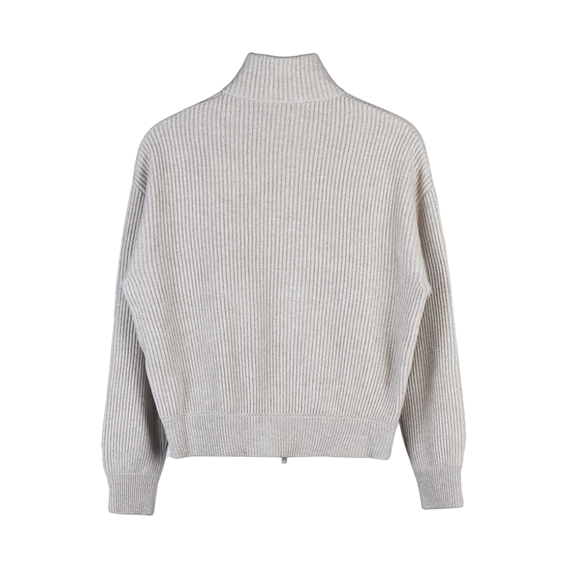 (W) Brunello Cucinelli Cashmere Knit Zip-Up Beige
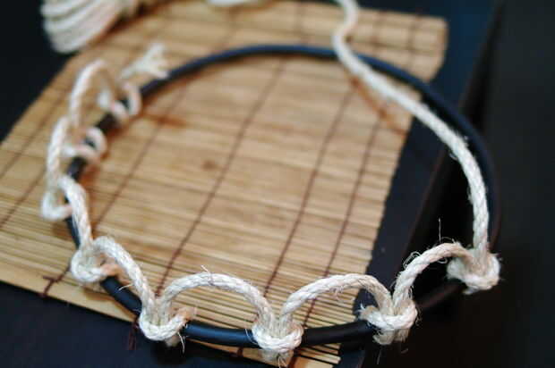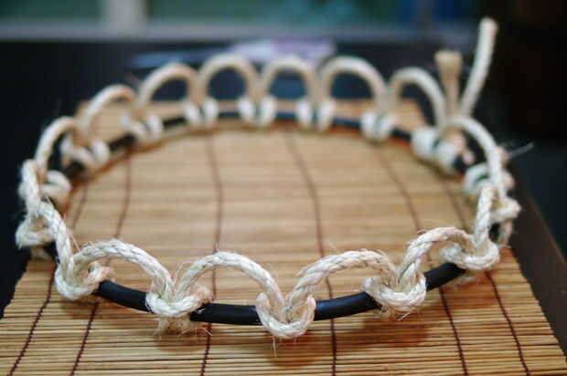 A partir de ahí, teje un segundo diamante usando el último trozo grueso de cuerda sissal que había comprado, terminando el tejido alrededor de la manija y agregar algunos más de la base lazos luego envolver alrededor para hacer una apropiada de la manija. Luego até a los restantes extremos sueltos detrás de los cordajes de mango.
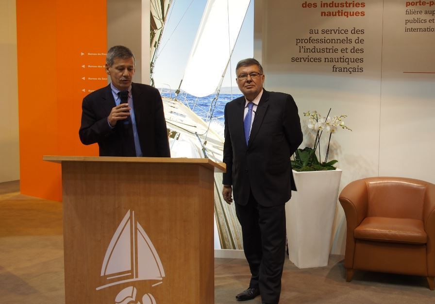 A l'issue d'une visite du salon effectuée en compagnie des différents officiels du Nautic, réalisée selon un timing militaire, Alain Vidalies a donc rejoint le stand de la Fédération des Industries Nautiques (FIN), sur lequel son président, Yves Lyon-Caen l'a accueilli en soulignant l'excellence industrielle d'une filière qui emploie 40 000 personnes, qui exporte 70% de sa production, tout en étant majortairement composée de petites et moyennes entreprises.
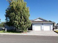 Walk to the Ruby View Golf Course from this nice 1,744 s.f. 3 bedroom, 2.5 bath one level home featuring an open split bedroom floor plan. The great room has a vaulted ceiling & a freestanding gas fireplace with a dramatic brick hearth, while the kitchen is spacious with a handy breakfast bar & bright dining area. The master bedroom boasts double closets & a large tiled shower. There is a separate half bath & spacious laundry room with a utility sink, storage & access to the attached 2 car garage with shelving. The yard has mature landscaping, sprinklers, storage shed & a rear deck surrounded by fruit trees.
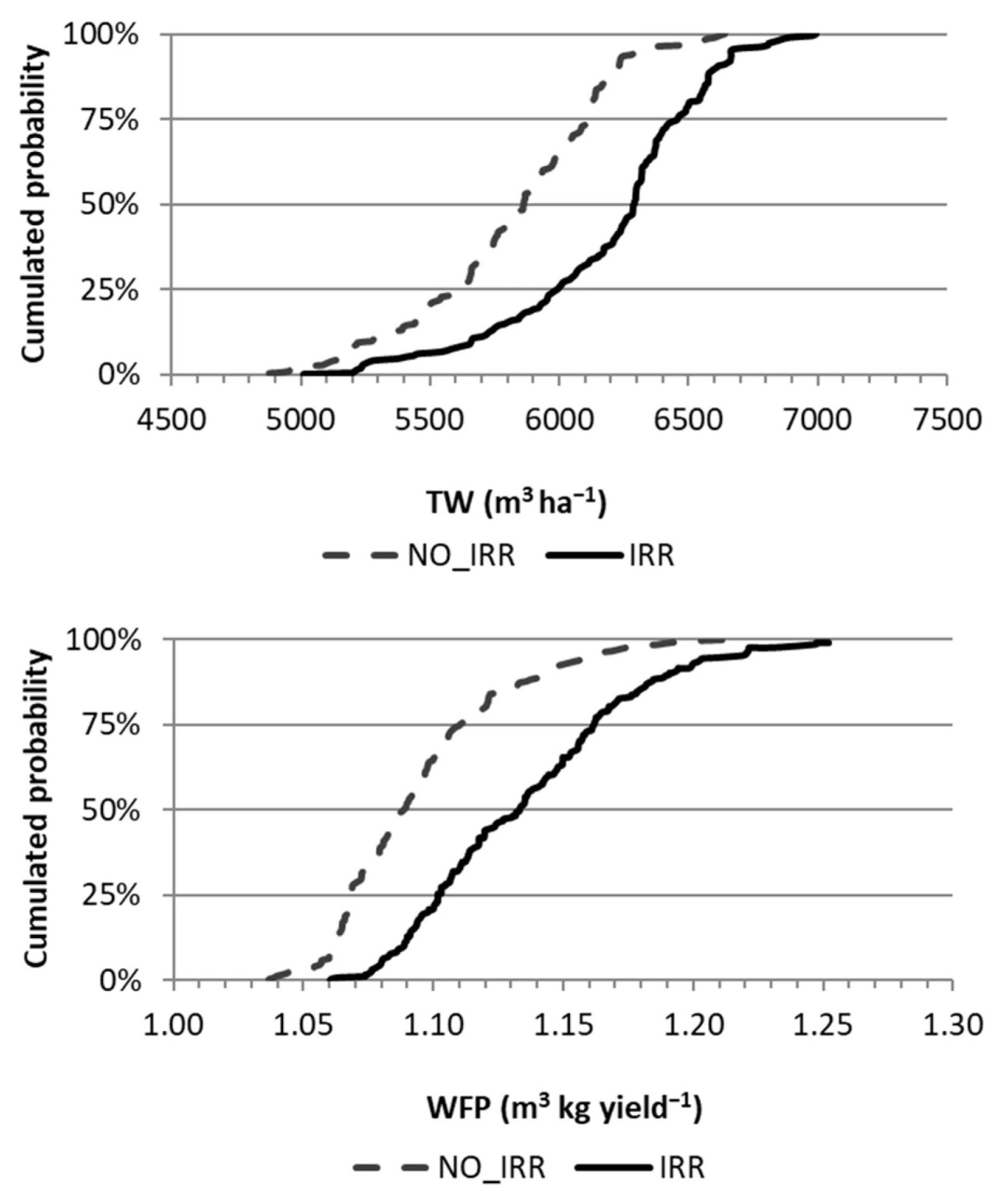 Рисунок 9. Функция кумулятивного распределения относительно общего потребления воды (TW) и водного следа (WFP) для системы возделывания твердой пшеницы при богарном и орошаемом (в фазу цветения) управлении.
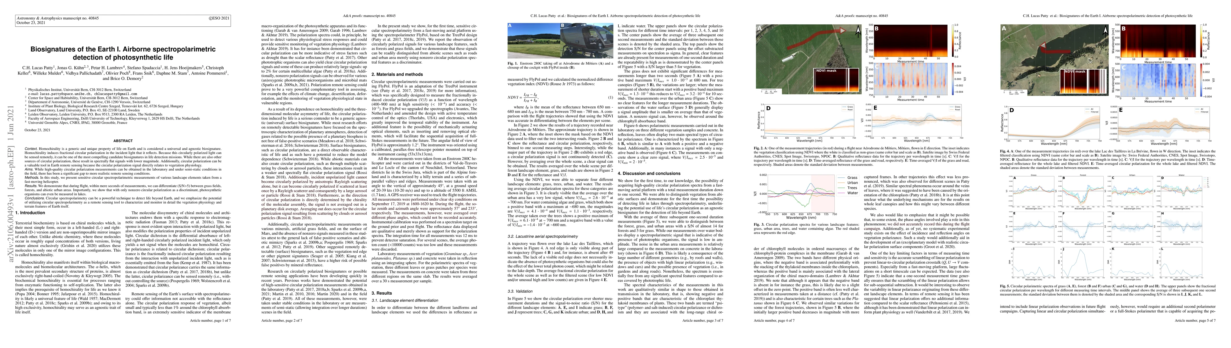 This paper explores the use of airborne spectropolarimetric detection to identify photosynthetic life through the unique property of homochirality, which induces fractional circular polarization in reflected light. The study demonstrates the capability to differentiate between various landscape elements using circular polarization measurements from a helicopter, highlighting the potential for this technique in both extraterrestrial life detection and Earth remote sensing.
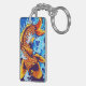 Tattoo style orange koi fish in a backdrop of blue water all around the koi fish
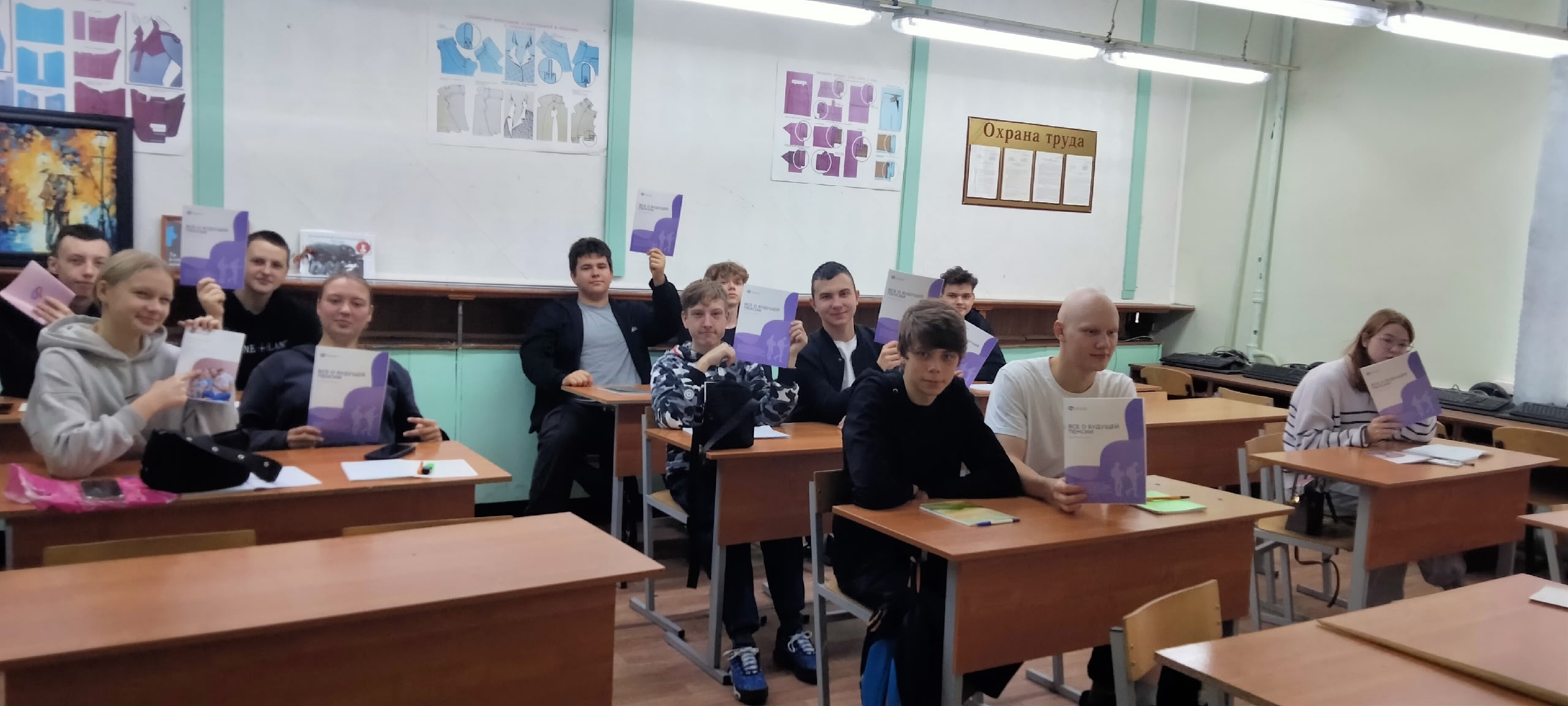 Юноши и девушки четырех учебных групп № 10 «Оператор оборудования швейного производства» (по видам)», № 11 «Мастер по изготовлению швейных изделий», №15«Мастер по ремонту и обслуживанию автомобилей» и №20-С – «Строительство и эксплуатация зданий и сооружений» знакомились с пенсионным законодательством. Они узнали о понятиях «страхователь», «страховщик», «застрахованное лицо».
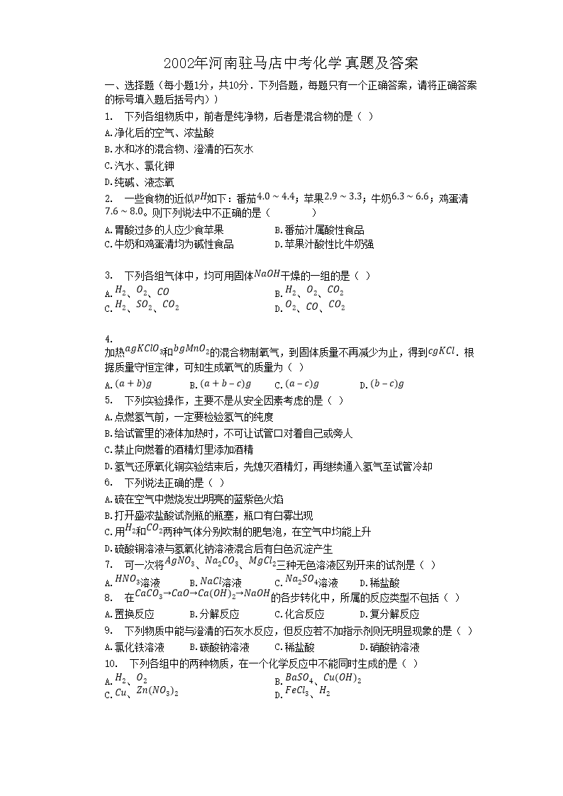【文档预览】 无忧考网整理发布2002年河南驻马店中考化学真题及答案(Word版),前五页预览如下:
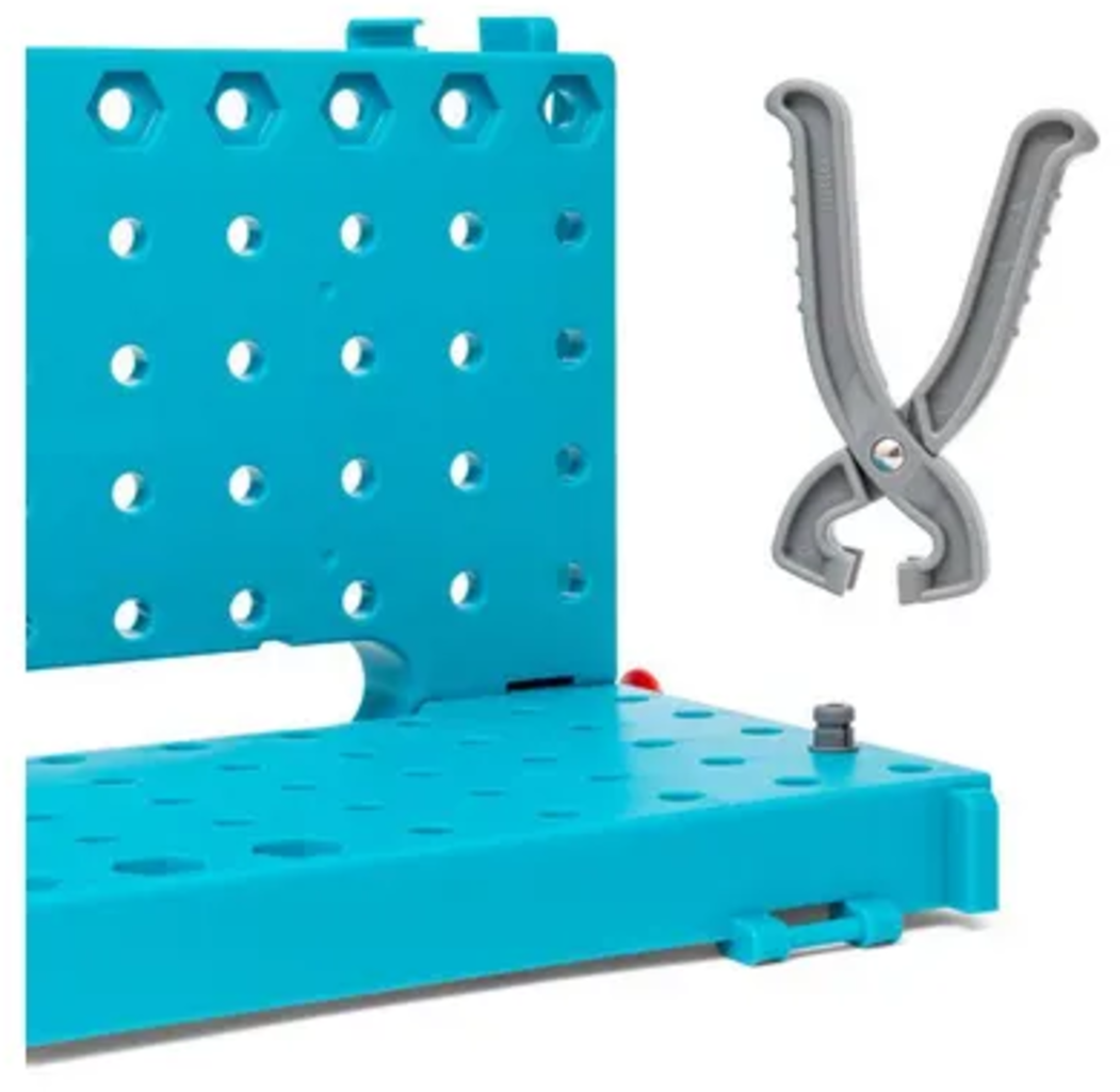 Contenu : Mallette Établi, marteau, clé à molette, tournevis, pince, règle, nombreuses vis ainsi que des éléments de connexion et de construction
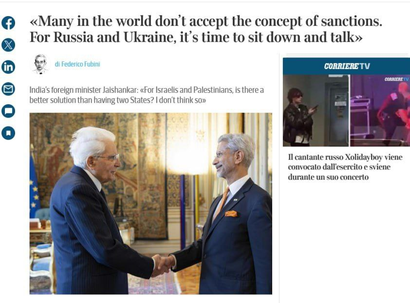 Ngoại trưởng Ấn Độ Subrahmanyam Jaishankar giải thích lý do nước ông không tham gia lệnh trừng phạt chống Nga. Theo ông, phương Tây đang cố gắng hết sức để giả vờ rằng những biện pháp trừng phạt này phản ánh lập trường của toàn thể cộng đồng thế giới, mặc dù trên thực tế chúng là công cụ của một nhóm nhỏ các quốc gia.
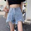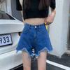 Pantaloncini di Jeans Neri a Vita Alta Comodi Skinny alla Moda e Versatili da Donna Sezione Sottile Gamba Larga Larghi Sottili con Bordo Grezzo Estivi

= = = = = = =

The expected output is the lines above from the one containing "This paper explores" to the one containing "Юноши и девушки", both ends included, reproduced exactly with every picture left out.

> EXPECTED ANSWER
 This paper explores the use of airborne spectropolarimetric detection to identify photosynthetic life through the unique property of homochirality, which induces fractional circular polarization in reflected light. The study demonstrates the capability to differentiate between various landscape elements using circular polarization measurements from a helicopter, highlighting the potential for this technique in both extraterrestrial life detection and Earth remote sensing.
 Tattoo style orange koi fish in a backdrop of blue water all around the koi fish
 Юноши и девушки четырех учебных групп № 10 «Оператор оборудования швейного производства» (по видам)», № 11 «Мастер по изготовлению швейных изделий», №15«Мастер по ремонту и обслуживанию автомобилей» и №20-С – «Строительство и эксплуатация зданий и сооружений» знакомились с пенсионным законодательством. Они узнали о понятиях «страхователь», «страховщик», «застрахованное лицо».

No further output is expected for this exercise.